In fact, across the country -- from Albany to Lansing to Phoenix to Sacramento -- Republican governors are in a seeming contest to see who can make the deepest cuts in economically debilitating tax systems. Thanks to last November's GOP landslide, 30 states -- including 8 of the 10 largest -- now have Republican governors. In sharp contrast to the early 1990s -- when states went on an unprecedented tax-raising binge -- this year 29 governors recommended tax cuts and 21 legislatures enacted them. No states -- not one --raised taxes significantly. (The Kennedy clan will be hard put to find a deserving awardee this year.)

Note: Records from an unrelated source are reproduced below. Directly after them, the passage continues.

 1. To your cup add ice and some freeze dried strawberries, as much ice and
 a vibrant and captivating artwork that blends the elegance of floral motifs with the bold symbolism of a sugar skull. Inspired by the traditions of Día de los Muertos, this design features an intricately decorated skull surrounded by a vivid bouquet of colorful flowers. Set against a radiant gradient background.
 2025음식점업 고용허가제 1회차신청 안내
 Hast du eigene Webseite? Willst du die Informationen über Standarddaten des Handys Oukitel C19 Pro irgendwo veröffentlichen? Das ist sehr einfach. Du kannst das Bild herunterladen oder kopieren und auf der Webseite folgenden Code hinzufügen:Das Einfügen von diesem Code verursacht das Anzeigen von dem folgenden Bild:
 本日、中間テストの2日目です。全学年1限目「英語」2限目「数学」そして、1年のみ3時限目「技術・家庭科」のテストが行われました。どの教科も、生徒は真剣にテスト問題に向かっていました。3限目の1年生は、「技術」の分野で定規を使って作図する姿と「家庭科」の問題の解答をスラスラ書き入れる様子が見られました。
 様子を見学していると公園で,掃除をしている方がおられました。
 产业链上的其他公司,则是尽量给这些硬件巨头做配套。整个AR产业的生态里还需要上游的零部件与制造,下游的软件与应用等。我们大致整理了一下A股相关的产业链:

With few exceptions, the large class (14) of freshman Republican governors has shown a kind of religious zeal for rolling back taxes and shrinking state government. Most impressive have been Bill Graves of Kansas, Gary Johnson of New Mexico, George Allen of Virginia, Frank Keating of Oklahoma, and Tom Ridge of Pennsylvania. In Virginia, the Democratic-controlled legislature smothered Governor Allen's tax-cut proposals, but the setback may prove to be only temporary. The GOP has made Virginia's election this November a near-referendum on the governor's $2-billion tax cut. The issue is expected to propel Republicans into control of the state legislature for the first time since Reconstruction.
"This was the largest tax-cutting year for states in a decade," Arthur Laffer and Victor Canto conclude in their annual report ranking the tax competitiveness of the states. Or as Steve Gold, state-fiscal-policy expert at SUNY Albany, puts it: "The ideological conservatives who want to shrink government are seizing control of state government."

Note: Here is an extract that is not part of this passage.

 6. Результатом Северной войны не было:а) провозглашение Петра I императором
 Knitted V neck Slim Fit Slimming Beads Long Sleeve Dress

In Michigan, Governor John Engler celebrated his 60 per cent re- election landslide by signing into law his 13th and 14th tax cuts in five years. Wisconsin's Governor Tommy Thompson cut property taxes. Governor Fife Symington is crusading to make Arizona the first state ever to repeal entirely a state income tax. This year he delivered the down-payment on that pledge by chopping tax rates by 20 per cent.

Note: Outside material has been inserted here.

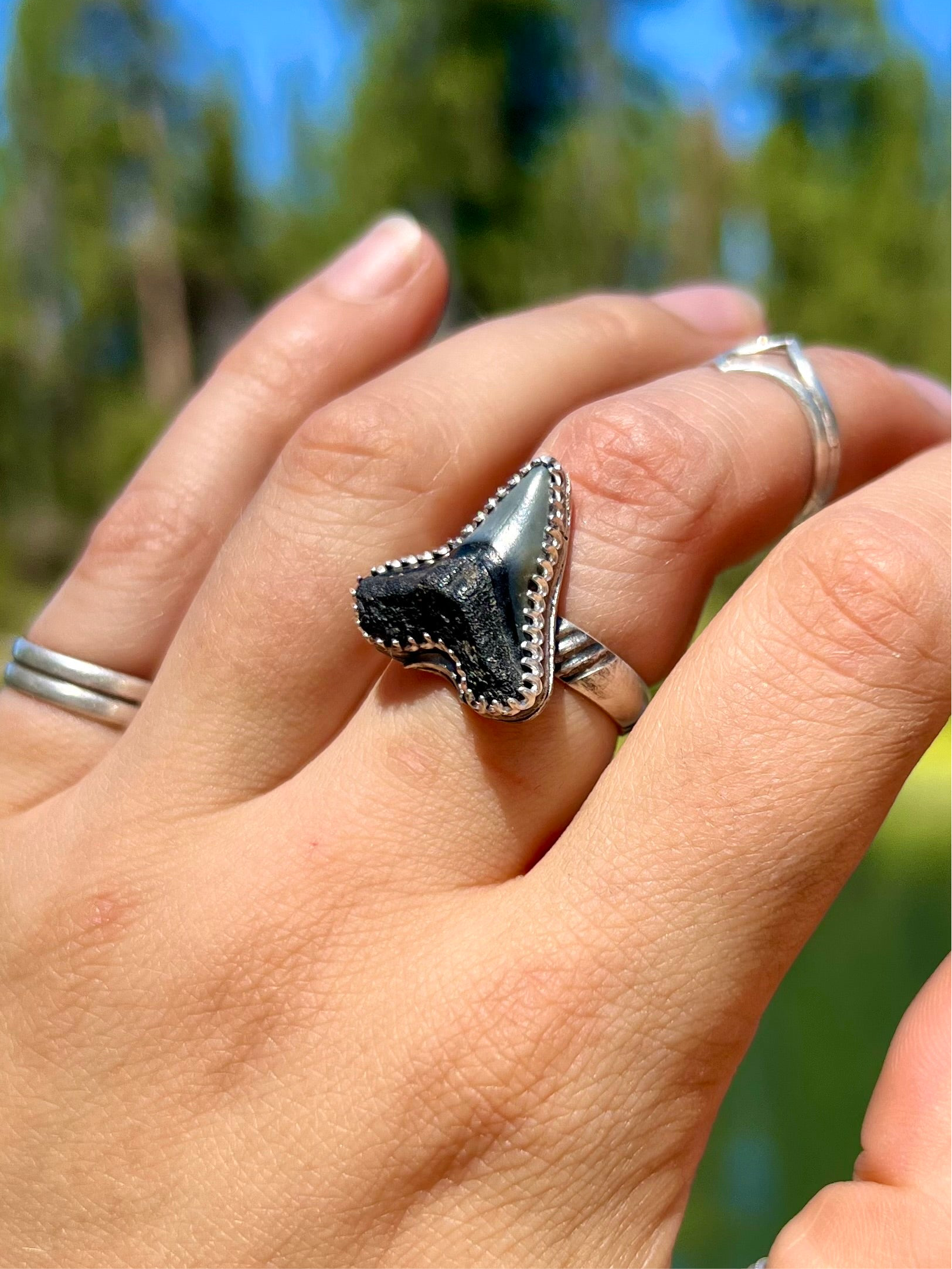 Materials: Sterling Silver, Fossilized Shark Tooth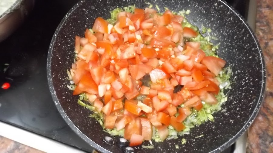 2. Añadimos los tomates a cuadros salpimentamos y rehogamos unos 7 minutos moviendo de vez en cuando.

UNQUESTIONABLY the politician most responsible for this flurry of tax cuts is New Jersey's Christine Whitman. By now Mrs. Whitman's political success has become the stuff of legend. In her 1993 race to unseat Governor Florio, she had sagged so low in the polls by late summer that her campaign was given last rites by every political pundit on the East Coast (not least James Carville, who publicly guaranteed a Florio victory). With two months to go, out of sheer desperation, Mrs. Whitman embraced a plan, conceived by supply-siders Steve Forbes and Larry Kudlow, to cut income-tax rates by 30 per cent. Seldom in American politics has a single idea put forth in a state election campaign been as uniformly reviled by the news media as this one. For good reason: the Whitman plan was the absolute antithesis of new-age progressive populism. Mrs. Whitman presented voters with clear choices. Republicans almost always win when that happens, and so she did, 49 to 48 per cent.
This year, to the surprise of everyone -- not least, conservatives -- Governor Whitman delivered fully on the tax-cut promise. A July New York Times editorial grudgingly conceded: "In political terms, Gov. Christine Todd Whitman of New Jersey has had a sensational first year and a half in office. She has cut income taxes as promised in two years instead of three, without shredding local aid or social programs. Small wonder that she is being talked about for the national Republican ticket." Governor Whitman, a socially liberal country-club Republican, continues to enjoy towering public-approval numbers midway through her term. The Whitman phenomenon confirms a truism in American politics: Voters are seldom happier with their elected officials than when their taxes are being cut.